A. Cell surface expression of CXCR7 in HCC4006 cells ectopically expressing LacZ-V5 or CXCR7-V5. Average of five independent assays with duplicate runs, ****p≤0.0001, ***p≤0.001. B. Lysates made from HCC4006 cells ectopically expressing LacZ-V5 or CXCR7-V5, treated with DMSO (DAY0) or 1 μmol/L osimertinib for 7 days or 14 days, were subject to immunoblots with antibodies indicted. Image is representative of three independent experiments. C. Lysates used in Fig.5B was subject to immunoblots with indicated antibodies. Image is representative of three independent experiments. D. HCC4006 cells ectopically expressing LacZ-V5 or CXCR7-V5 were treated with DMSO or 1 μmol/L osimertinib for the days indicated and surviving cells were stained with crystal violet.
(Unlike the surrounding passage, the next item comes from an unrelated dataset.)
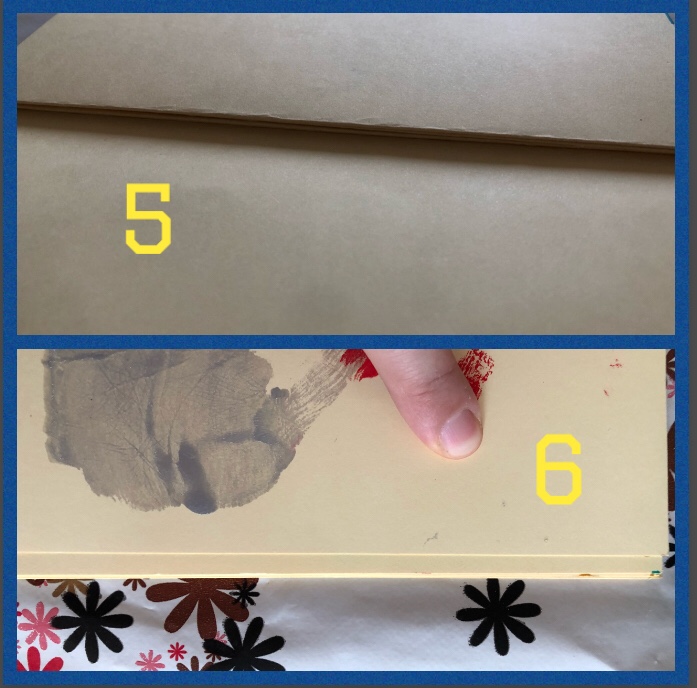 I cartoncini sovrapposti fanno uno spessore di 3/4 millimetri (foto 5); avremmo dovuto in fase iniziale tagliare una ministriscia di 2 mm sul lato corto di un A4 per assorbirlo, ma diventa troppo tecnico per farlo con bimbi in età prescolare. Così allineiamo la copertina frontale e scarichiamo il mezzo millimetro sul retro (foto 6)
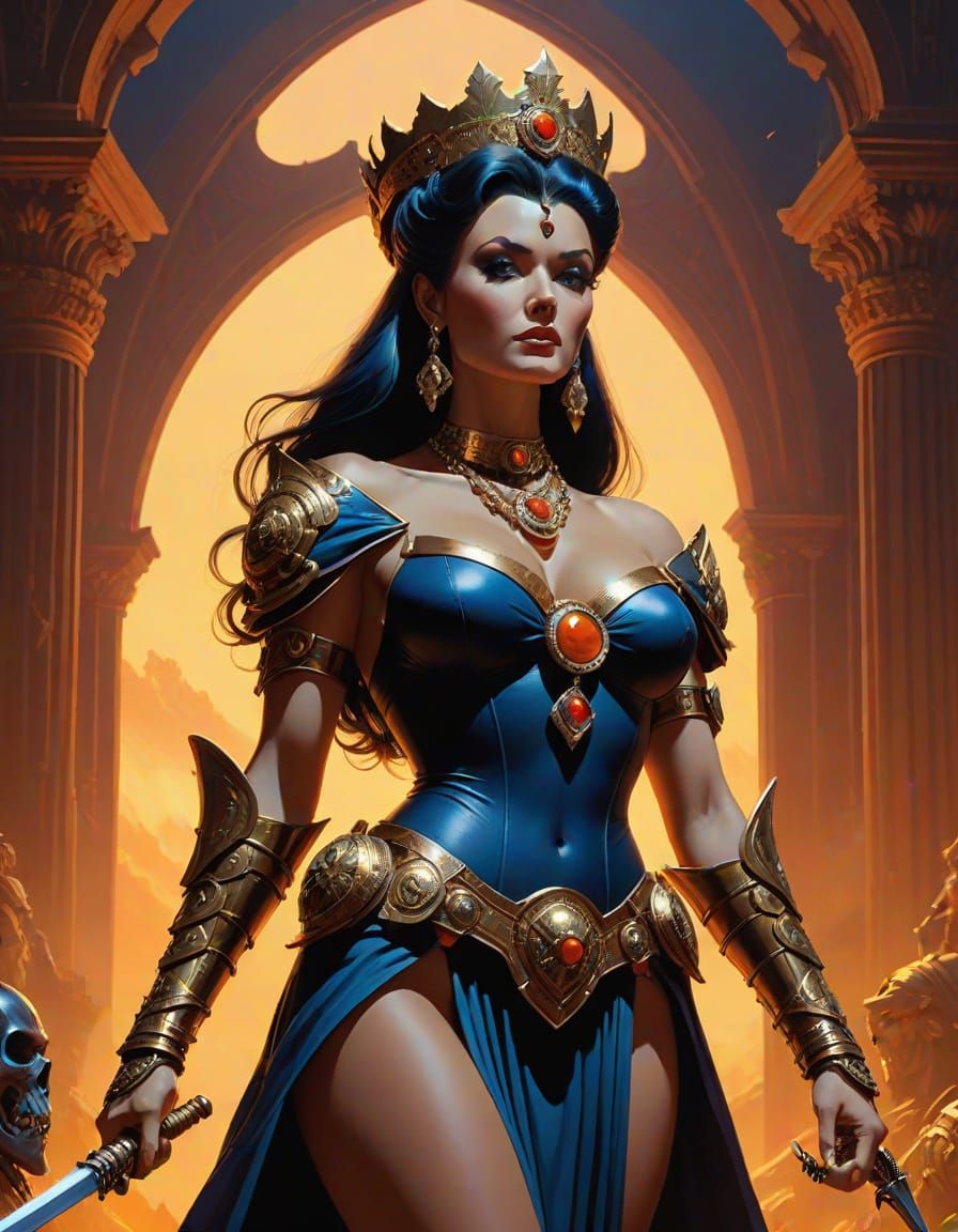 This vibrant, comic book-inspired portrait captures a majestic queen in all her glory, set against a warm, inviting background with hints of red and gold. With intricate details and textures, this epic image embodies the cinematic style of Simon Bisley and Frank Frazetta.

Image is representative of three independent assays. E. Additional set of cells were prepared and treated as described in Fig.5D. The surviving cells were counted. Average of three independent assays, p=0.0019. F. HCC4006 and Ge-R cells were treated with DMSO, 500nmol/L of gefitinib (EGFRi) or 500nmol/L trametinib (MEKi) or 500nmol/L buparlisib (PI3Ki) for 72 hours. Lysates were subjected to immunoblot with antibodies indicated. Image is representative of three independent experiments. G. HCC4006 and Ge-R cells were treated as in Fig.5F and Annexin V apoptosis assay was performed. Average of three independent assays. Bars, S.D. (***p≤0.001, **p≤0.01, *p≤0.05). H. HCC827 cells ectopically overexpressing constitutively active MEK (MEKDD) or pBabe control vector (Vector) were treated with DMSO (D), osimertinib (O), crizotinib (C) or combination (O/C) and phosphorylation of ERK1/2 for 48hours and EGFR and apoptotic markers were assessed. Image is representative of three independent experiments. I. Annexin V apoptosis assay was performed for the experiment described in Fig.5H. Results are average of three independent assays. (N.S. not significant, ****p≤0.0001). Average of three independent assays. Error Bars, S.D.